__TASK TO CARRY OUT__. Return, from the material below, each line in which "distritos" occurs.

================

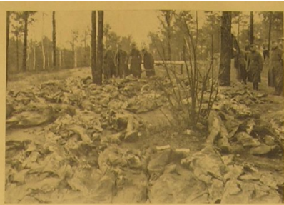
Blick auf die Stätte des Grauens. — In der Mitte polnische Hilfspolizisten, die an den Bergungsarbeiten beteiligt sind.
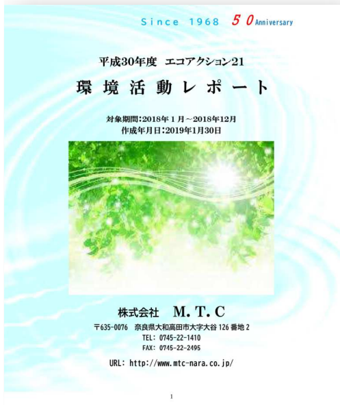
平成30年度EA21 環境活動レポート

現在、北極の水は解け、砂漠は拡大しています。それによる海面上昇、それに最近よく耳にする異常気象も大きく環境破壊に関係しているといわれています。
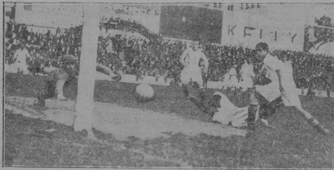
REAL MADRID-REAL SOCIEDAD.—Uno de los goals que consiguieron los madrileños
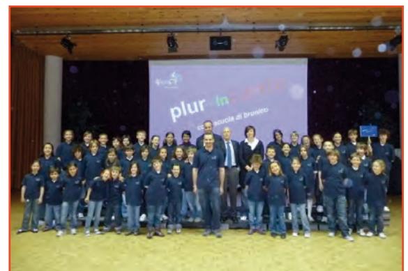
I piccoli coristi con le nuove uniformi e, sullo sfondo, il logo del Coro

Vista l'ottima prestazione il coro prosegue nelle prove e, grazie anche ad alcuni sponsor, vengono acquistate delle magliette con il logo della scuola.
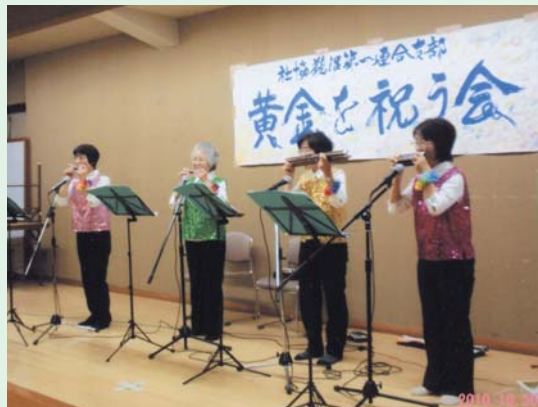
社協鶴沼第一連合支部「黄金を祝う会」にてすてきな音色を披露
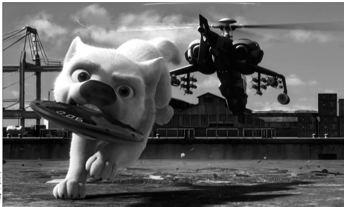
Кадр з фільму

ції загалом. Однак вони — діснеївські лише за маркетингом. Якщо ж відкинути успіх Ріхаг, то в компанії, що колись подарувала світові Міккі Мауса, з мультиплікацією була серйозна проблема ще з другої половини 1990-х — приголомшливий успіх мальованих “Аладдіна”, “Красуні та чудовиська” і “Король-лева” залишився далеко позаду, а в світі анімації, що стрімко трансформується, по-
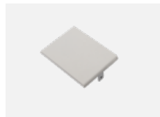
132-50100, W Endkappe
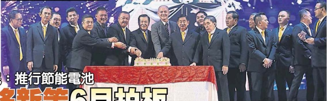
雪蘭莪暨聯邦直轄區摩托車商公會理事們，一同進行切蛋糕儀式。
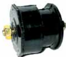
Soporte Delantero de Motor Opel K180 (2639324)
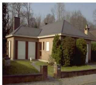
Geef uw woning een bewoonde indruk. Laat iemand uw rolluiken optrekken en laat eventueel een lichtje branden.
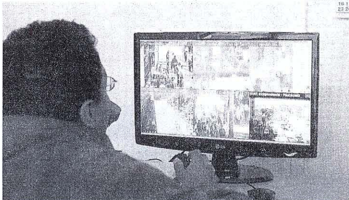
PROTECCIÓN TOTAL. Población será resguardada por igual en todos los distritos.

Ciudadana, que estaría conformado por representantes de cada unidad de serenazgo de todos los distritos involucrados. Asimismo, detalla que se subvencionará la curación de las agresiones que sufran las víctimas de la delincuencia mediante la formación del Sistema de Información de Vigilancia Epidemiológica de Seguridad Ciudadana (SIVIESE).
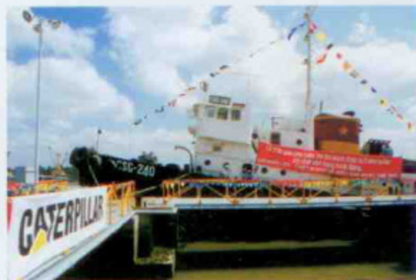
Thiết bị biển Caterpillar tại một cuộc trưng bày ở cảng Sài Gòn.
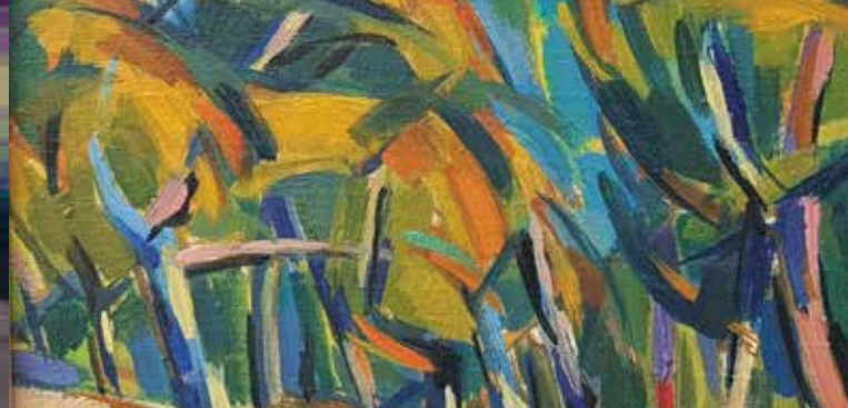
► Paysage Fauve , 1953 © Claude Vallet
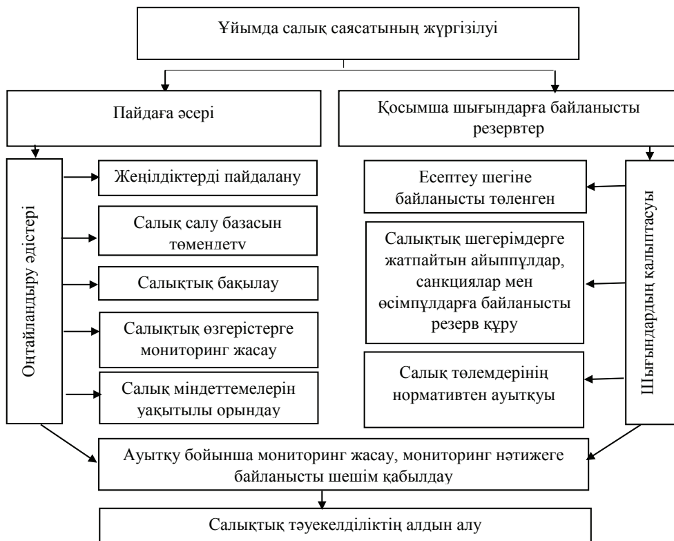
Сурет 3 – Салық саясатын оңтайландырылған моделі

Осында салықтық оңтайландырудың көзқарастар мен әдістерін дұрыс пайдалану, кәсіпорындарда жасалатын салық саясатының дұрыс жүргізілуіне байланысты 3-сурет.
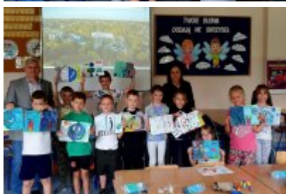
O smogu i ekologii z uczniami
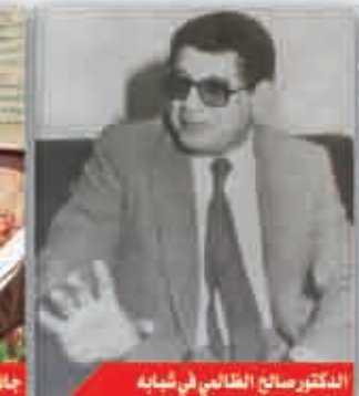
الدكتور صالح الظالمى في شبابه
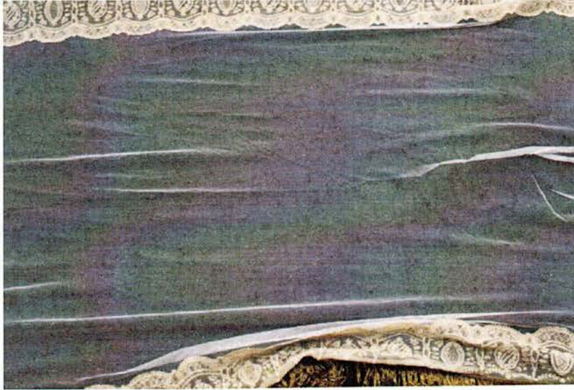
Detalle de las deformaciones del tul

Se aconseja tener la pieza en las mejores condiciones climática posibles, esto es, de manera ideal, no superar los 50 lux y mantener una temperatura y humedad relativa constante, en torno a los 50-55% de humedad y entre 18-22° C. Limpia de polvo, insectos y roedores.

================

__WRITTEN SOLUTION__.
PROTECCIÓN TOTAL. Población será resguardada por igual en todos los distritos.
Ciudadana, que estaría conformado por representantes de cada unidad de serenazgo de todos los distritos involucrados. Asimismo, detalla que se subvencionará la curación de las agresiones que sufran las víctimas de la delincuencia mediante la formación del Sistema de Información de Vigilancia Epidemiológica de Seguridad Ciudadana (SIVIESE).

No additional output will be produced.